I realized that I was so upset about the break-up that I had channeled all my emotions toward this cake.  Remembering how liberating it was to leave the relationship, I decide:  “I shall leave the cake.”  Now, readers, allow me to specify; of course we will have cake, but it won’t be in the shape of a ladybug or be decorated with candied violets.  It will be break-up cake.  And while I liked very much the sound of “break-up cake” I didn’t really want those words permeating my awesome rooftop bachelorette birthday party.  And such was the conception of Ugly Cake.  Ugly Cake was a huge hit and I highly recommend it for your next negative special occasion:  break-up, betrayal or termination-of-employment are some common examples.
Ingredients:
Cake-mix, eggs, oil, water
Frosting of choice (chocolate’s good)
Marshmallow cream
Pretzels, potato chips, something salty
Maybe a crunchy cereal
Oreos.  (Crushed with a mallet.  Or hammer.  Or framed photo of your Ex.)
Fritos.  It doesn’t matter.  Whatever you’ve got.
Instructions:
Bake cake according to directions.  Let it cool then frost it like you are murdering something.  Slash its fucking face.  It will not be pretty.  That’s the point.  Cut the fucker up into 30 or 40 cubes.

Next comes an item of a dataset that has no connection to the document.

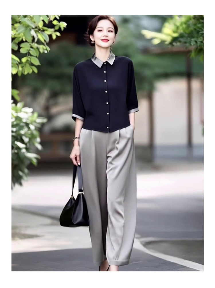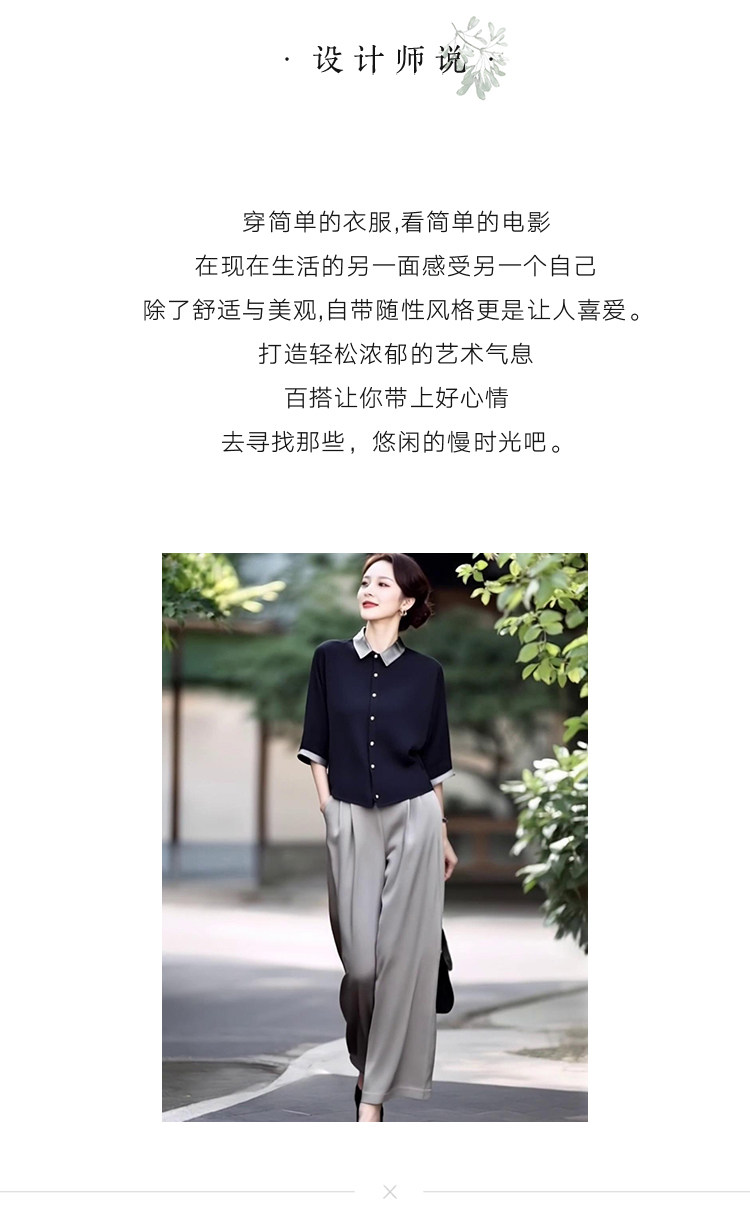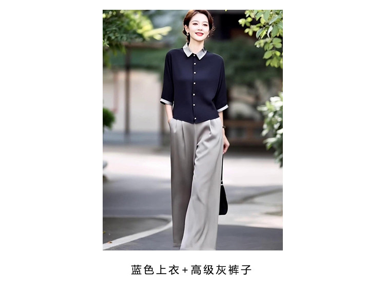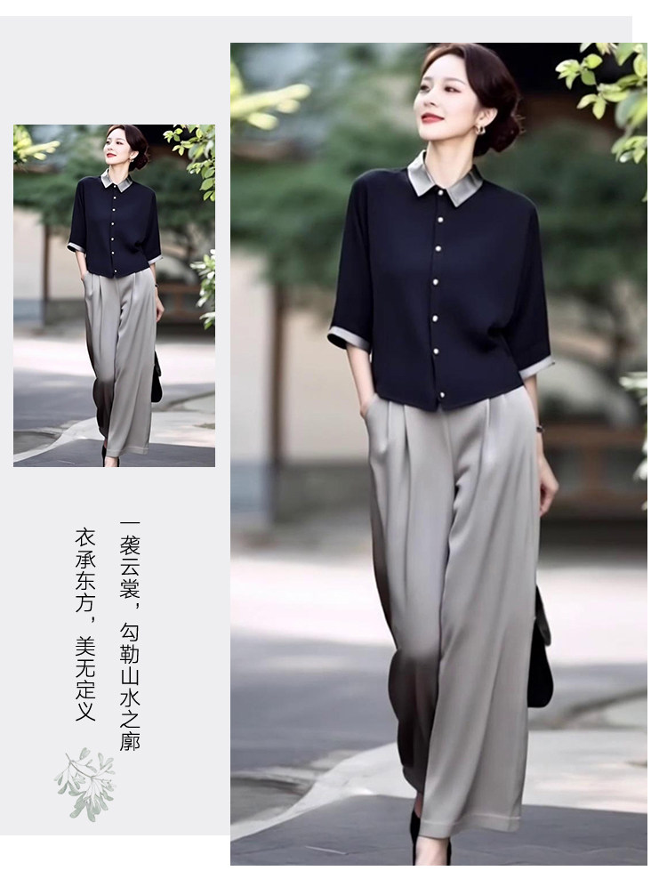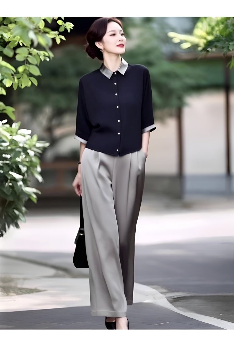 新款轻熟优雅气质纯色撞色上衣+高腰阔腿裤两件套

You’ll need a big bowl.  Start layering. 
Frosted cake-cubes
Marshmallow spread. 
Crunchy things. (They might not be crunchy by the time the ugly cake is consumed, but that’s the spirit.  One guest asked of my mini pretzel sticks:  “What are the wormy things?”
Repeat layering until the bowl is full.
You can stick long candles in it if you want.  It’s a good idea because without them, during the song, you’re just spitting on a cake that other people will be eating.

That was 5 years ago.  This year, as my June birthday neared, my loving husband (who says ‘I love you’ every day) fought me to handle the birthday cake.  I agreed (sacrificing all that creative force) and described what I wanted:  a white cake, white frosting, with strawberries.  I ask him about the cake more than three times in the days leading up to my birthday and my cake-fixation becomes “a thing” at our home.  For him, it’s an “are-you-kidding-me” thing; for me, a “these-kinds-of-orders-have-to-be-placed-in-advance” thing. 
On the day, he goes to pick up my cake at the somewhat famous bakery in our neighborhood.  The cake has split across the top and a good third of its top layer is sliding off to one side.

Not pretty.  And also…
Not the point this time.
He argues it out a little and the manager sees to it that a second cake is created for him.  He carefully walks it one block home and together we lift the white cardboard lid:  layers of cake, custard, and frosting are sloping off to one side.  A crevice has formed across the top that cannot be disguised.
I could not help seeing the echo of the 5-years-ago Break-up Cake, and while I was mildly bummed/amused, my husband was furious.  Eventually, we fashioned ¾ of it onto our cake stand and the other doomed ¼ went into a Tupperware bowl which we invisibly labeled “breakfast.”
I never told my husband about Ugly Cake partly because it didn’t seem like a good parallel at the moment.  But he will probably read this blog and recognize himself in both chapters of this story.  Bottom line:  cake is delicious, no matter what the shape.  But “I love you” is “I love you” only one way.